Por: Gilberto Parra Zapata
El onanismo mental y el desmedido apego al sexo que siempre acompañaron a la vida de Pomponio, llegó a extremos increíbles, y necesariamente tendría que hacer crisis en un determinado momento. Se trata de una espiral que comenzaría desde su infancia, con ese atavismo de mantener todo el tiempo su mano derecha palpándose sus genitales. En cuanto a su entorno social, su lujuria se exacerbaba ante su exagerada fijación, obsesa y fisgona, sobre cuantas pantaletas se atravesaran a su curiosa mirada. Dos polos de conducta que algún acucioso sicoanalista tendría que profundizar ante el hecho cierto de determinar el origen de esas manchas amarillentas en sus sábanas, también en las páginas de las revistas donde apareciera alguna damisela ligera de ropas.

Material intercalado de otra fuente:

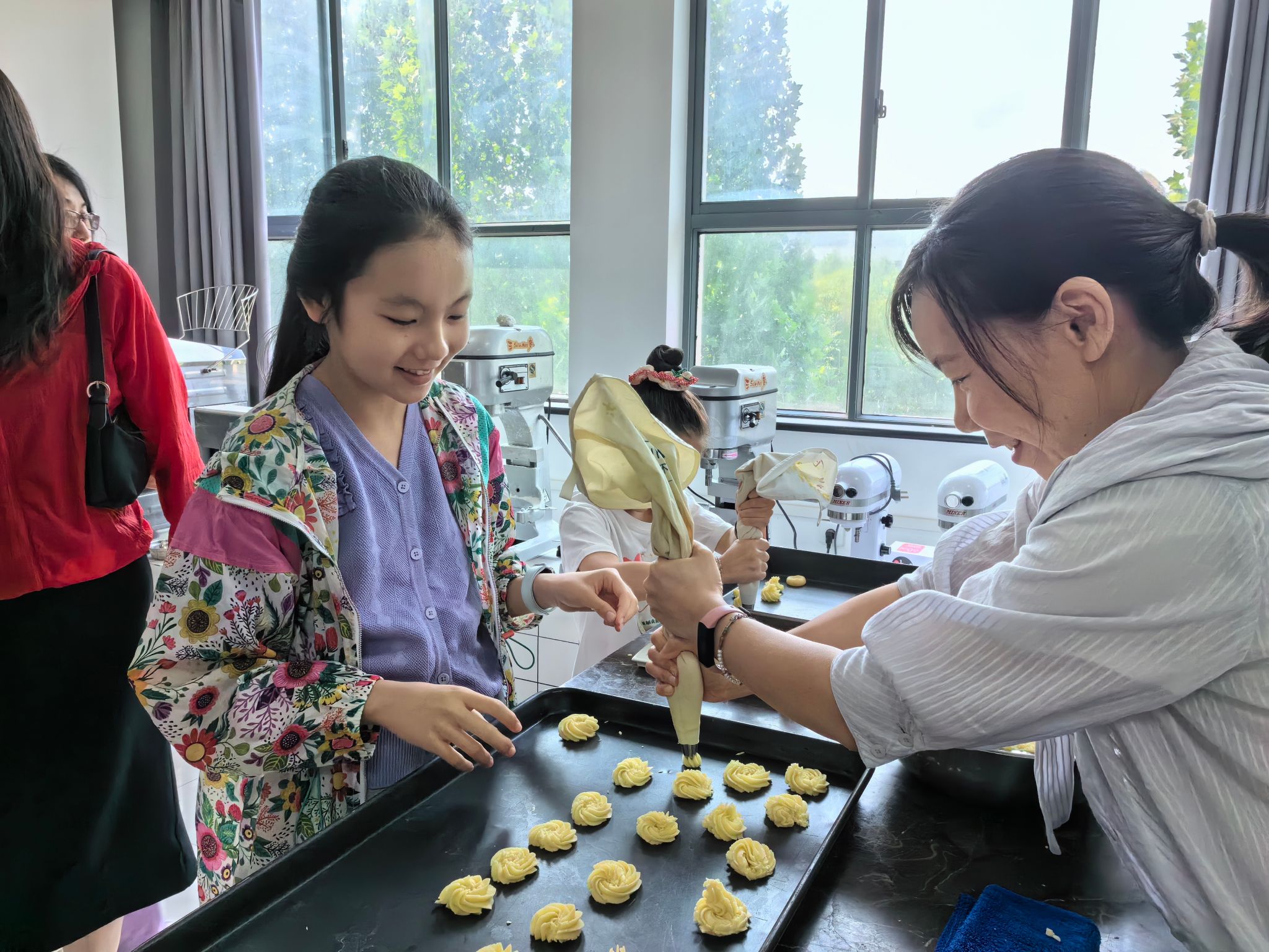 活动现场,孙孟珂老师耐心讲解了曲奇的制作方法,小朋友们也认真学习,兴致勃勃地开始制作属于自己的曲奇饼干,家长们则在一旁记录这温馨的时刻,现场洋溢着欢声笑语。活动最后,每位小朋友都收到了学院分工会特别准备的精美伴手礼,为即将到来的儿童节留下美好回忆。

Lo que nadie podría imaginarse es que tal fascinación, asumida por un joven que en otras circunstancias, con toda seguridad, pasaría desapercibido, fueron los sorprendentes desarrollos de ciertos hechos, entre curiosos y trágicos, que llegaron a convertirse en una desproporcionada trascendencia sobre la vida de toda una comunidad. Tal desenlace sería la confirmación de hipótesis sobre fenómenos culturales e idiosincráticos, muy arraigados en el imaginario de la sociedad, más aún, cuando tienen lugar, como en efecto lo fue, en el entorno urbano de un barrio humilde, cuyos habitantes suelen asumir pacatas conductas con relación al sexo.

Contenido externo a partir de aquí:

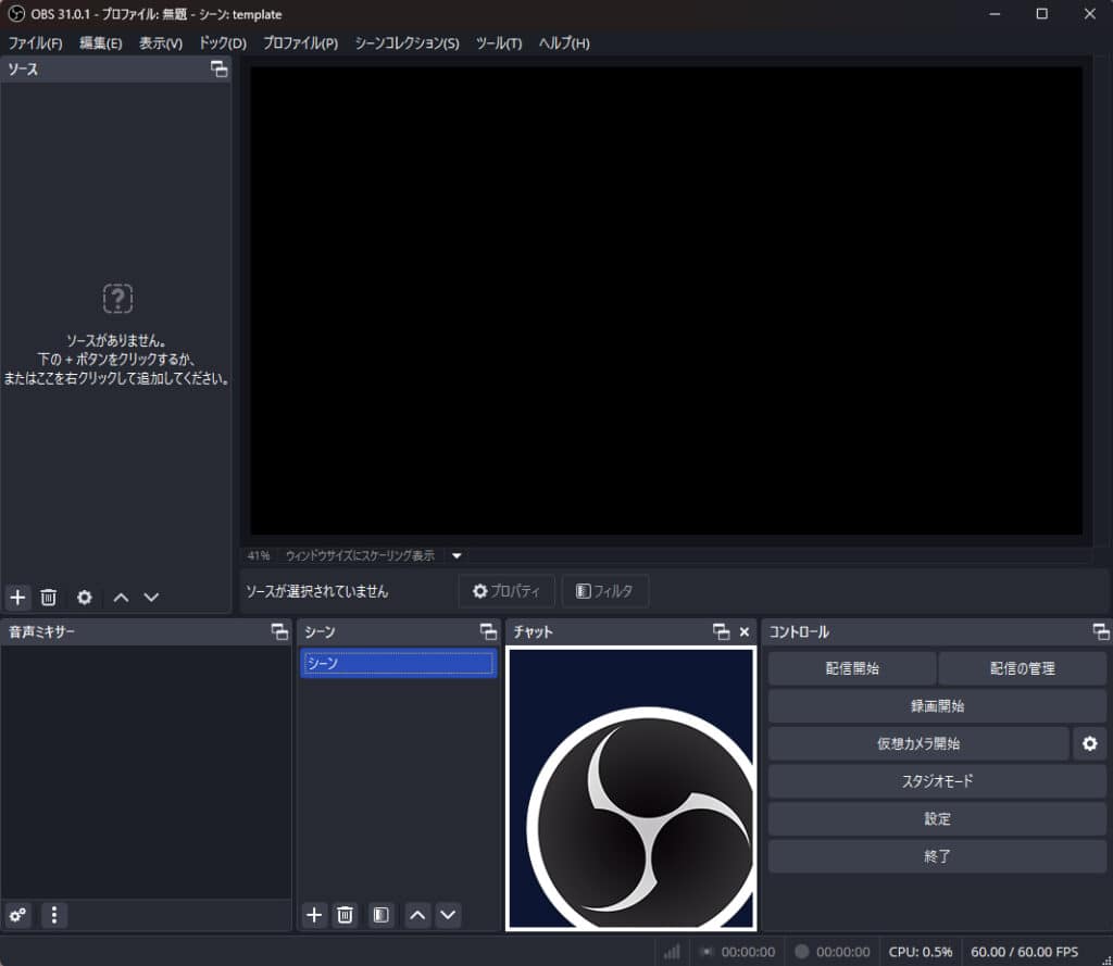 OBSを開いて、左上の「ファイル」をクリックします。

En el caso particular de este personaje, influido por el legado secular de la cultura judeocristiana, era más que evidente su percepción exclusivamente erótica acerca de la condición femenina, valorando solamente los atributos físicos de la hembra, un desmedido interés exteriorizado a través de su muy perturbadora mirada sobre senos y entrepiernas. Sobre todo, le fascinaba la figura de una mujer embarazada.Muy poco probable sería, en razón de su edad para el momento en que comenzaban a recrudecer sus obsesiones eróticas, aunado además, a otros factores y prejuicios familiares y sociales, que alguna vez tuviera una verdadera relación sexual. O tal vez por eso mismo, sus complejos lo transformaban con frecuencia en un sedicente pinocho, contando sus mentiras a quienes quisieran escucharle, sobre supuestas aventuras amorosas, relatadas con detalles tan prolijos, que nadie se las creería, sobre todo cuando evadía la mirada de su interlocutor.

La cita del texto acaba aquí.